- **WORK ORDER**
Reproduce, exactly and in full, only the lines below from the one containing "This red-bellied woodpecker" through the one containing "2026年1月10日 さいたまスーパーアリーナ セットリスト".

- **DATA EXTRACT**
§

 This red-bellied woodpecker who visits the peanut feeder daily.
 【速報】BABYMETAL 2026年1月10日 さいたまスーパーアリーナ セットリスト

§

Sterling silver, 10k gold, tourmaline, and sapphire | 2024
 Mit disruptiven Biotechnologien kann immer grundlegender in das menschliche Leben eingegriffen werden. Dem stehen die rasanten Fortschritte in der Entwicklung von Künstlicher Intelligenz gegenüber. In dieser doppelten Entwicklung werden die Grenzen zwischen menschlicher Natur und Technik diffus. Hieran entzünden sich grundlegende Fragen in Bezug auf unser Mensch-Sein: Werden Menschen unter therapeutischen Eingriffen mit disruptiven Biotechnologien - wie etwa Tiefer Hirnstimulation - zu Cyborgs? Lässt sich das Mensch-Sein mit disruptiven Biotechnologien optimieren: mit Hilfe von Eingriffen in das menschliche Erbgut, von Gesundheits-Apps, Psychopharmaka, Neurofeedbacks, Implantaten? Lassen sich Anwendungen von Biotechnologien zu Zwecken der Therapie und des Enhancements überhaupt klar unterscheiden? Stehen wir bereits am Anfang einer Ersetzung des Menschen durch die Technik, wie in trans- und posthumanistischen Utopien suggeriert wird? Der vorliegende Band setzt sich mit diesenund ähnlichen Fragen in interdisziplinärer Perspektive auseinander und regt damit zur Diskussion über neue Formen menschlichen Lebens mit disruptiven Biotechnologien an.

§

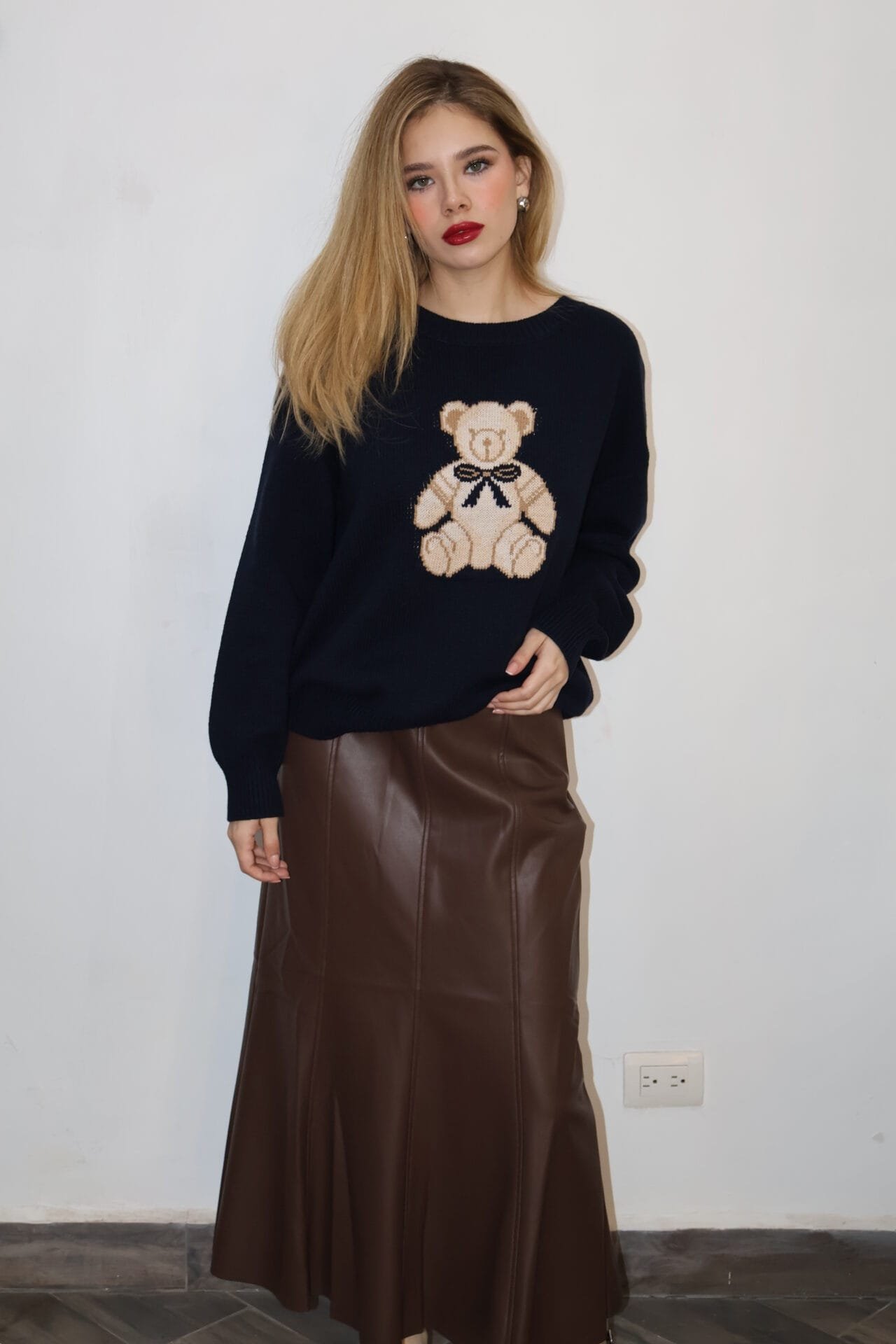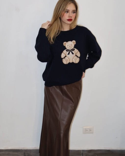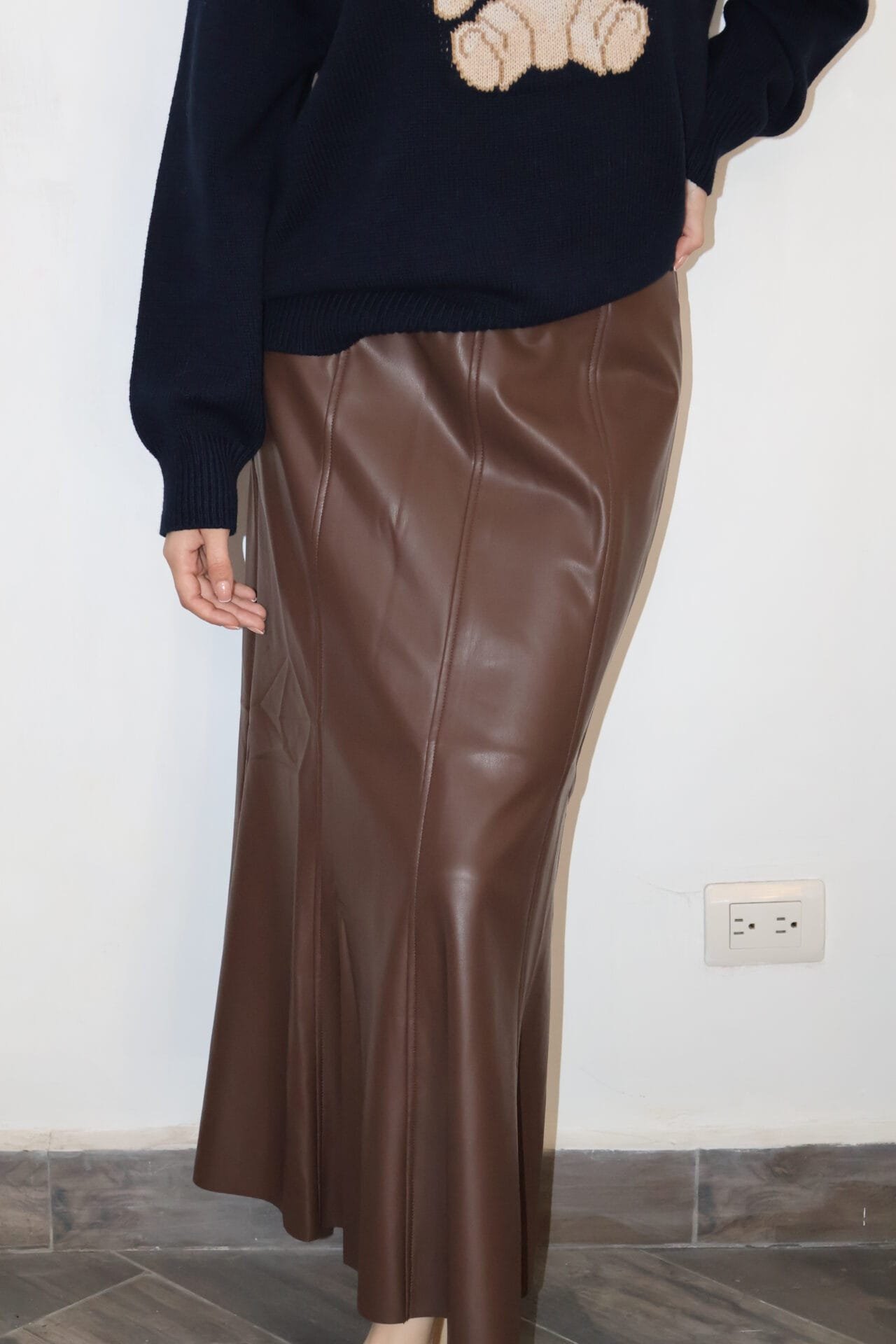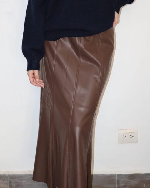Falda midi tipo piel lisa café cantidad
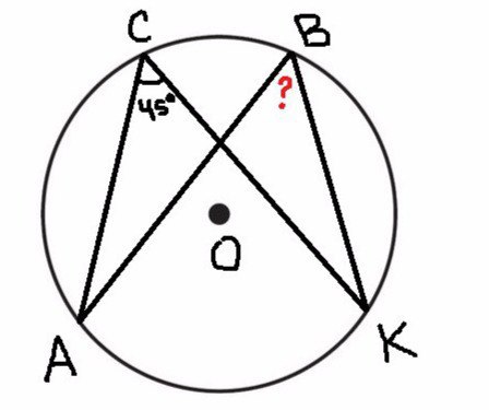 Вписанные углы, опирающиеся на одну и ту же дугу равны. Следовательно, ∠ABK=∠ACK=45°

§

- **EXPECTED ANSWER**
 This red-bellied woodpecker who visits the peanut feeder daily.
 【速報】BABYMETAL 2026年1月10日 さいたまスーパーアリーナ セットリスト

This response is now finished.